# mice



## greenboy (Sep 5, 2005)

when I was in Middle School and High School, I used to raise white mice at home, and sell them to my friends when I went to college I had to sell the business, but I wonder if somebody is doing this and what do you need in our days to do so... GB


----------



## Alice In TX/MO (May 10, 2002)

There are a LOT of snake owners who need mice.

Not something I'd want to get into, but if you live close to a major metropolitan area, I bed you'd find a market.


----------



## EriknTN (Jan 7, 2010)

I did something similar when I was a kid. I made my money selling to pet stores that sold snakes. Now I guess you could do the same thing. I just quit because it started to depress me.


----------



## danielsumner (Jul 18, 2009)

Many moons ago when I was in High School (70's) I dated a girl whose parents raised white mice for reseach labs. A company supplied the breeding stock and brokered the offspring. They were making a lot of money.


----------



## Ken Scharabok (May 11, 2002)

Mice (and rats) can apparently be offered live or frozen.
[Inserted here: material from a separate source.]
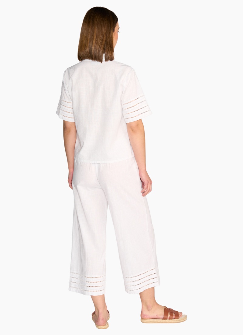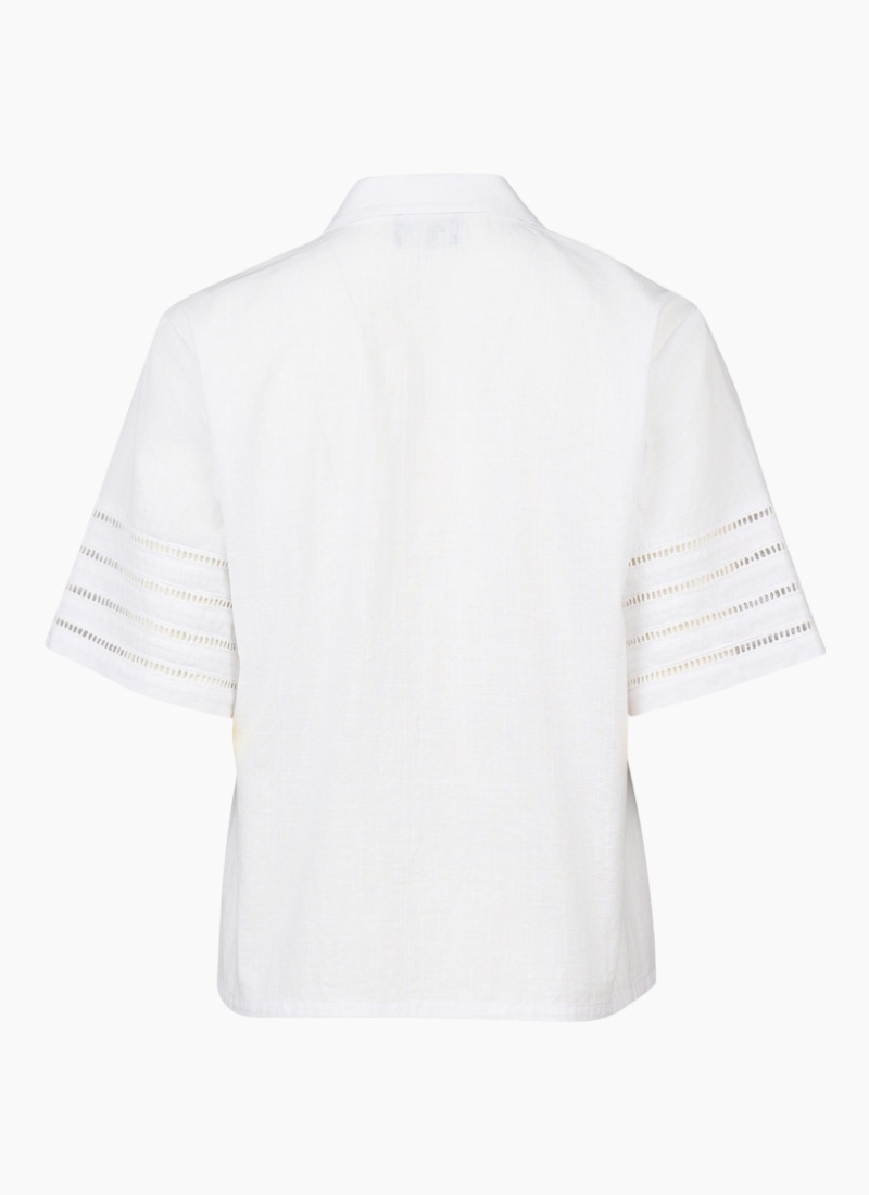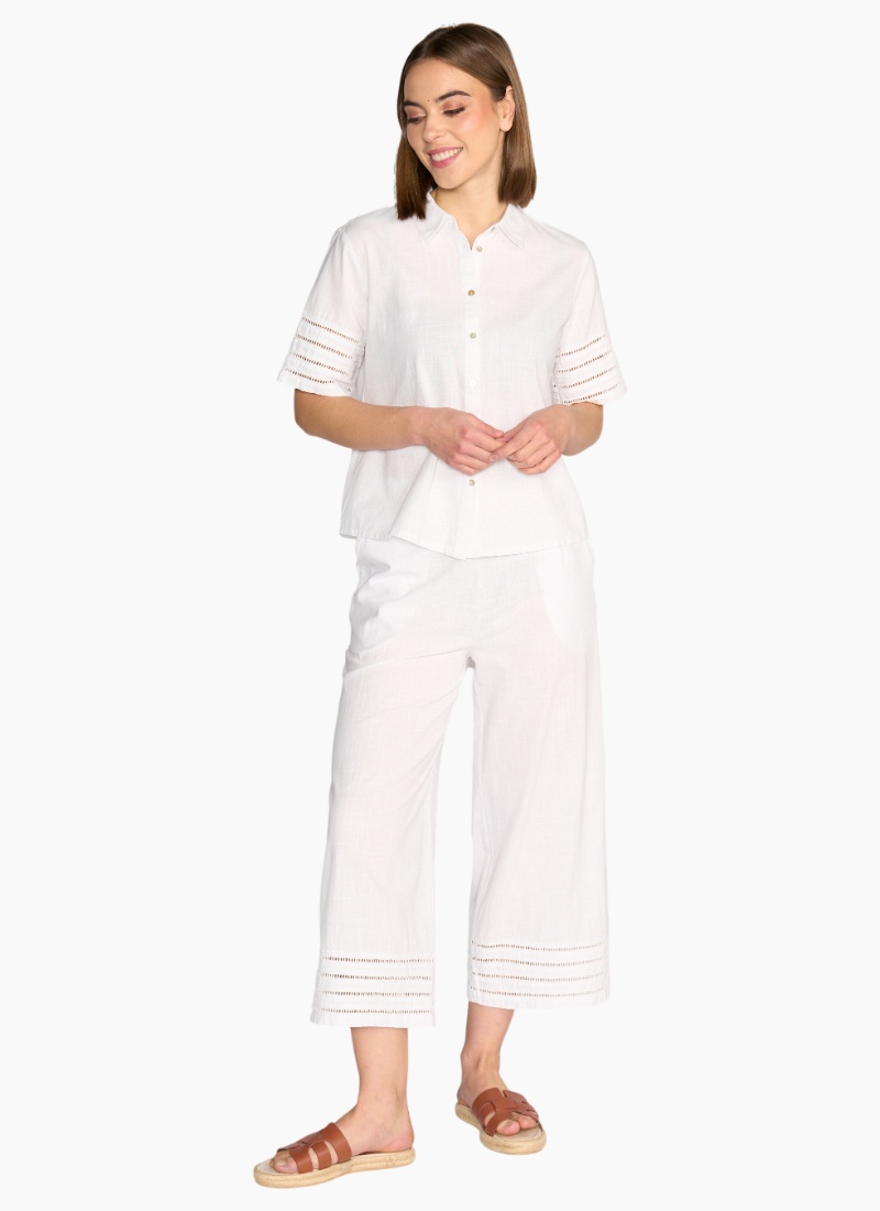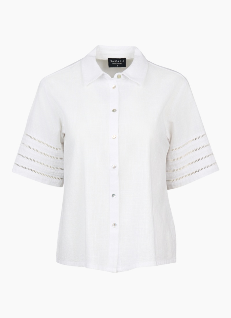 This short sleeve button-up shirt is made from lightweight 100% cotton with a soft, linen-look texture for an easy, relaxed feel. Featuring holed trim detailing around the sleeves, it's perfect for a laid-back summer look• Shirt collar • Button-up style with mother of pearl buttons • Short sleeves with trim detail at base of sleeve • Relaxed fit • Model wears size 10

Talk to pet stores to determine their interest. Supply would have to be consistent. Possibility of local sales if you have a snake hobby club there.


----------



## seagullplayer (Nov 6, 2008)

danielsumner said:


> Many moons ago when I was in High School (70's) I dated a girl whose parents raised white mice for reseach labs. A company supplied the breeding stock and brokered the offspring. They were making a lot of money.


That sounds very interesting, wonder how one could make such contacts today?


----------



## Tracy (May 2, 2002)

Green boy, where in PA are you?


----------